Long time, no update. Overall, I'm doing well. I have nerve pain across my right shoulder, use Lyrica to minimize it. Even so, medicated, its like when your foot goes to sleep? And you stomp it to wake it up? That's medicated. I have developed fears. One kept me from picking up both feet on a bike. Until yesterday. I rode a bike around the store at the Salt Lake City performance Bike shop. Its such a little thing, but to me, its huge.
i gave up on building a tandem for a number of reasons. So the bigger of the two Trek 950s will be my recovery bike, until my Fisher doesn't feel so intimidating (taller). My Cannondale I wrecked on still needs a new front wheel, and some new bar tape, but certainly survived the wreck better than I did.
I still have big memory gaps. I have "lost" stuff I know. I was millimeters away from life in a wheelchair and not a day goes by that I don't appreciate that fact. My neck injury could have killed me as well. And the helmet I still say, saved my life. Like my knee recovery, recovering from the whole of my injuries has been really good. Patience learned during my knee recovery paid off in spades. I still have limitations, but mostly what I place on myself due to fears I never had before.
And you know what? I rode a bicycle again yesterday!
Cool. Baby steps sometimes are the biggest and hardest.
I have other fears where I had none before breaking my back and neck. The thought of riding on a hill right now gets my palms sweating. But yes, baby steps.
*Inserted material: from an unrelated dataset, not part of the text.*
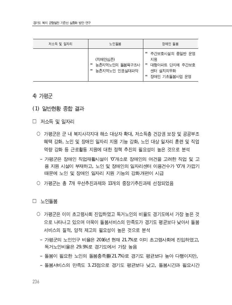 경기도 복지 균형발전 기준선 실효화 방안 연구 236 저소득 및 일자리 노인돌봄 장애인 돌봄 (치매안심존)  농촌지역노인의 돌봄욕구조사  농촌지역노인 인권실태파악  주간보호시설의 종일반 운영 지원  대형아파트 단지에 주간보호 센터 설치의무화  장애인 기초돌봄사업 운영 4) 가평군 (1) 일반현황 종합 결과 □ 저소득 및 일자리 ○ 가평군은 군 내 복지사각지대 해소 대상자 확대, 저소득층 건강권 보장 및 공공부조 혜택 강화, 노인 및 장애인 일자리 지원 기능 강화, 노인 대상 일자리 훈련 및 직업 역량 강화 등 근로활동 지원에 대한 정책 추진의 필요성이 높은 것으로 분석 - 가평군은 장애인 직업재활시설이 ‘0’개소로 장애인의 여건을 고려한 직업 및 고 용 지원 시설이 부재하고, 노인 및 장애인의 일자리센터 이용건수가 ‘0’개 가깝기 때문에 노인 및 장애인 일자리 지원 기능의 강화․개편이 시급 ○ 가평군는 총 7개 우선추진과제와 13개의 중장기추진과제 선정되었음 □ 노인돌봄 ○ 가평군은 이미 초고령사회 진입하였고 독거노인의 비율도 경기도에서 가장 높은 것 으로 나타나고 있으며 더욱이 돌봄서비스의 만족도가 경기도 평균보다 낮아서 돌봄 서비스의 질적, 양적 제고의 필요성이 높은 것으로 분석 - 가평군의 노인인구 비율은 2016년 현재 21.7%로 이미 초고령사회에 진입하였고, 독거노인비율은 29.9%로 경기도에서 가장 높음 - 돌봄이 필요한 노인의 돌봄충족률(21.7%)로 경기도 평균보다 높아 다행이지만, - 돌봄서비스의 만족도 3.23점으로 경기도 평균보다 낮고, 돌봄시간과 필요시간

Fear. Is a terrible thing. And it is high time I rip its throat out...
My 1989 Trek 950 MTB sits ready, ready for me to shake off my fear and just go.
Only thing really significant has been dropping the Lyrica. I gained 60 pounds on it. Neurotin/Gabapentin has been working. And I have lost 20 pounds. Its stubborn... And my doc ubderstands my stress levels but my blood pressure is just too high to leave alone. Low dose of Lisinopril has done trick. Proving that if I could lose the weight, or reduce my stressors, I wouldn't need the meds.
What seems a lifetime ago, but just twenty years... I used to build up bikes from trash to give to kids. We were part of a foster parenting program. One of the kids that lived with us, almost adopted, I got him involved in cycling. And then we moved away, without him. Fast forward, a few years ago, he found me on Facebook. And we've been in touch since. He has a family of his own and a career, and remembered all we did to try and help him. He still rides, so do his kids. He recently got a new Surly 29er, and is sending me his not very old Access XCL 29er. Hoping that helps get me rolling again. I'm touched deeply. Kind of returning a favor. Needless to say, this is one emotional old Clyde...
My three year anniversary is just 2 weeks away. I'm scared. But as I said, its time.
Oh yeah. My knee is still doing just fine.